SAÚDE
Cuiabá anuncia início de cirurgias eletivas na próxima segunda-feira
Publicado em
3 de agosto de 2022
Na próxima segunda-feira (8), a Secretaria Municipal de Saúde começa a realizar as cirurgias eletivas do programa MT Mais Cirurgias. Todos os procedimentos serão feitos no Hospital e Pronto Socorro Municipal de Cuiabá (HPSMC). O anúncio foi realizado pelo prefeito de Cuiabá, Emanuel Pinheiro, na noite de terça-feira (2), durante transmissão semanal.
Segundo o diretor superintendente do HPSMC, Dr. Guilherme Salomão, serão realizadas 24 cirurgias por dia, inclusive aos sábados. “Mais de 800 pessoas já estão com as cirurgias marcadas para as próximas semanas. Os pacientes que foram triados e que não estão com as cirurgias agendadas ainda estão fazendo os exames pré-operatórios”, explicou o médico.
No primeiro momento serão realizadas as seguintes cirurgias: Colecistectomia, Fistulectomia / fistulotomia anal, Hemorroidectomia, Hernioplastia epigástrica, Hernioplastia incisional, Hernioplastia inguinal (bilateral), Hernioplastia inguinal/crural (unilateral), Hernioplastia recidivada, Hernioplastia umbilical, Gastrostomia, Histerectomia total, Laqueadura tubária, Varizes (unilateral) e Varizes (bilateral). “À medida que formos avançando nas cirurgias, outros procedimentos também serão contemplados”, comentou dr. Guilherme.

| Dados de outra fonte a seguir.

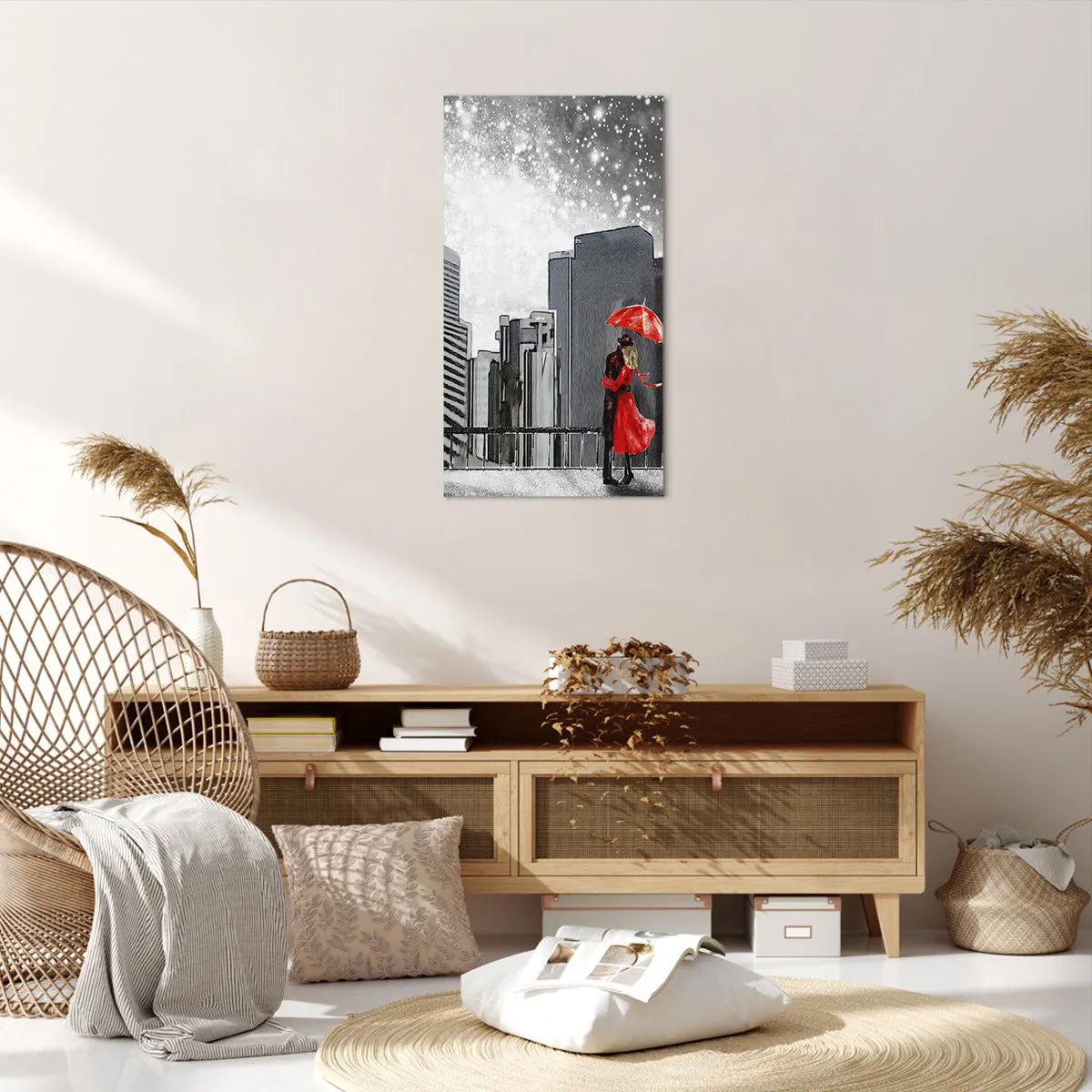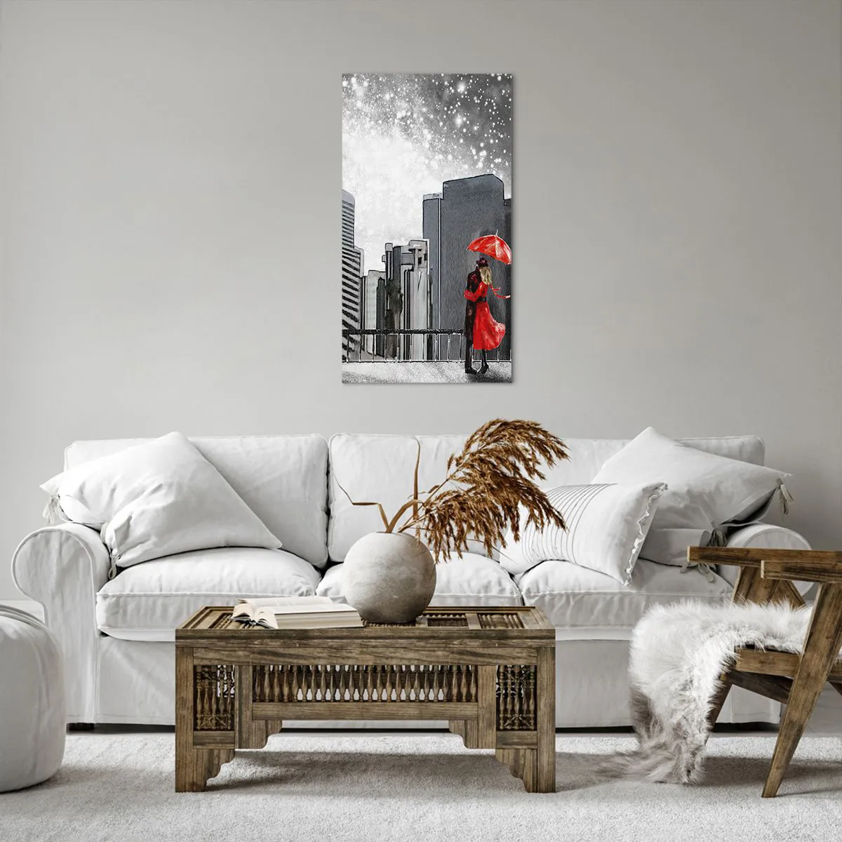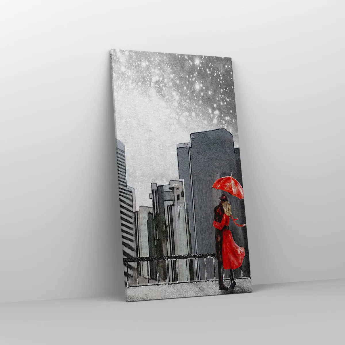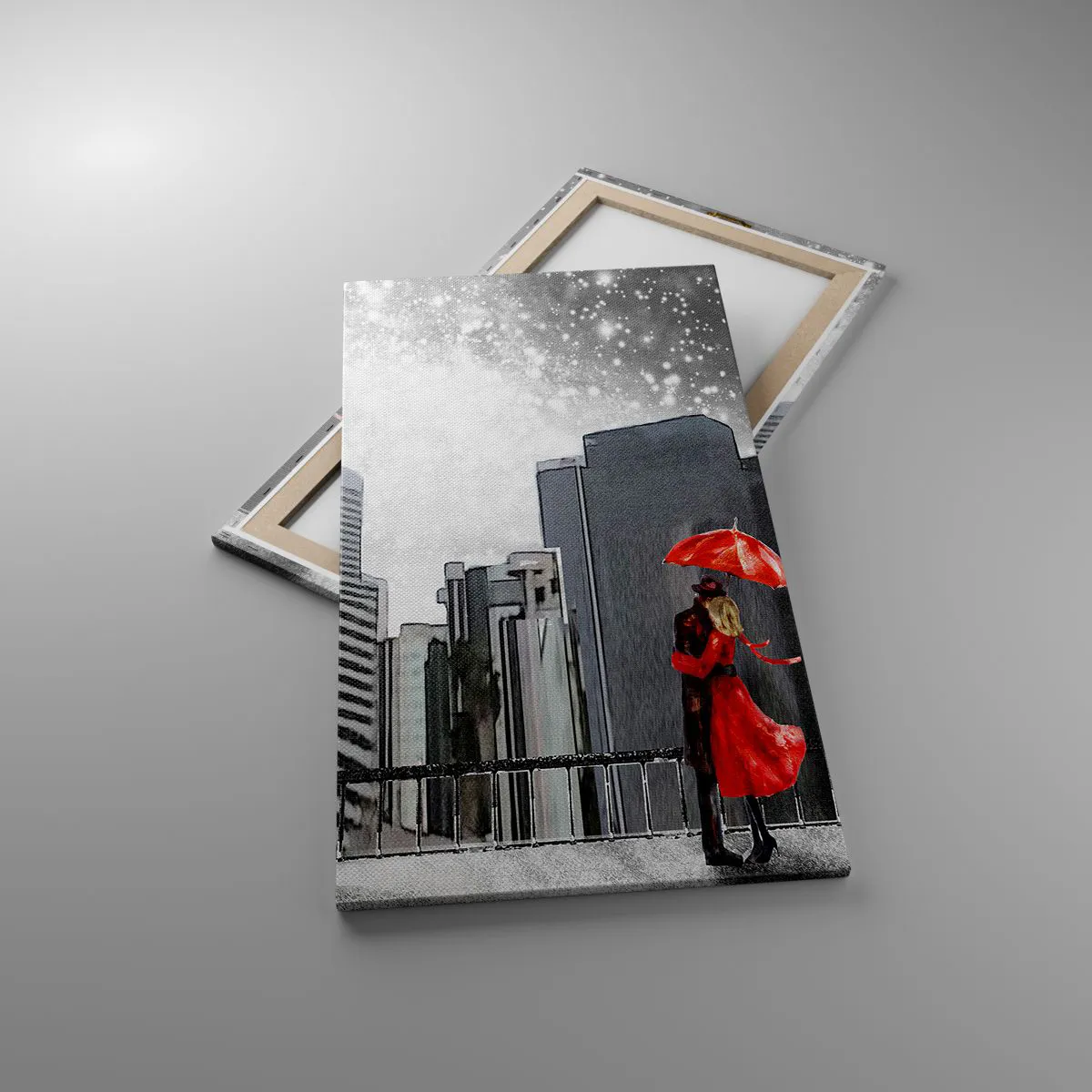 A tela é esticada na moldura. Os lados e bordas são impressos para criar uma continuação da imagem. O quadro está pronto para ser pendurado na parede. Cada produto tem um gancho ligado à moldura e um conjunto de montagem (parafuso + cavilha).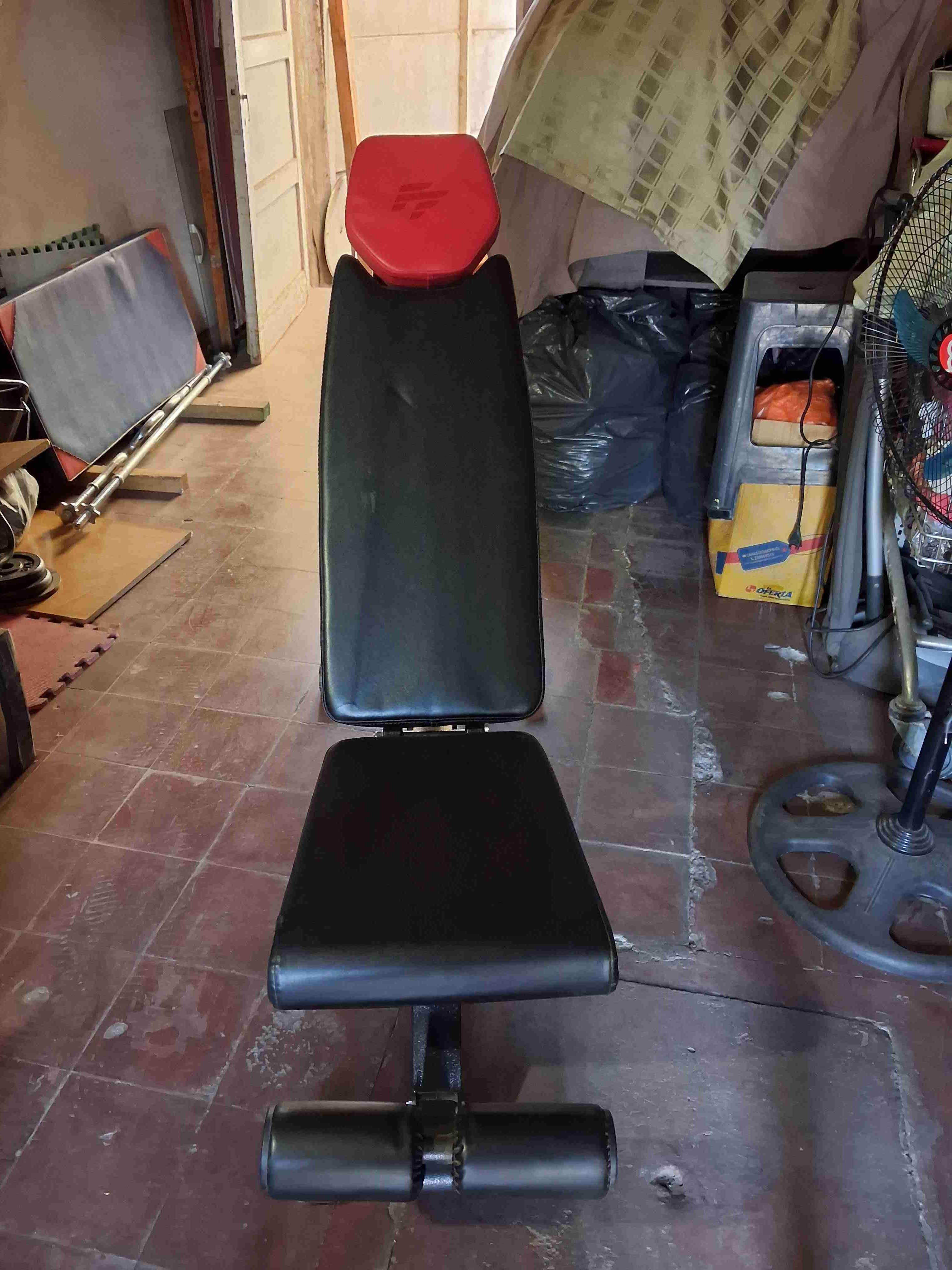 Banco de pesas en buen estado con asiento ajustable, ideal para entrenamientos en casa.

Estas cirurgias serão realizadas em pacientes de todo Mato Grosso, que aguardam na fila desde 2015 a junho de 2021. A coordenadora da Central de Regulação, Rafaely Metelo revelou que o programa MT Mais Cirurgias aprovou 11.500 procedimentos para Cuiabá, mas a Central de Regulação só encontrou 3.046 pessoas até a data de 1º de agosto. “Dos 3.046 que manifestaram interesse para passarem pelas cirurgias, 1.655 são de Cuiabá, 370 de Várzea Grande, 83 de municípios da Baixada Cuiabana e 938 de municípios do interior”, disse a coordenadora.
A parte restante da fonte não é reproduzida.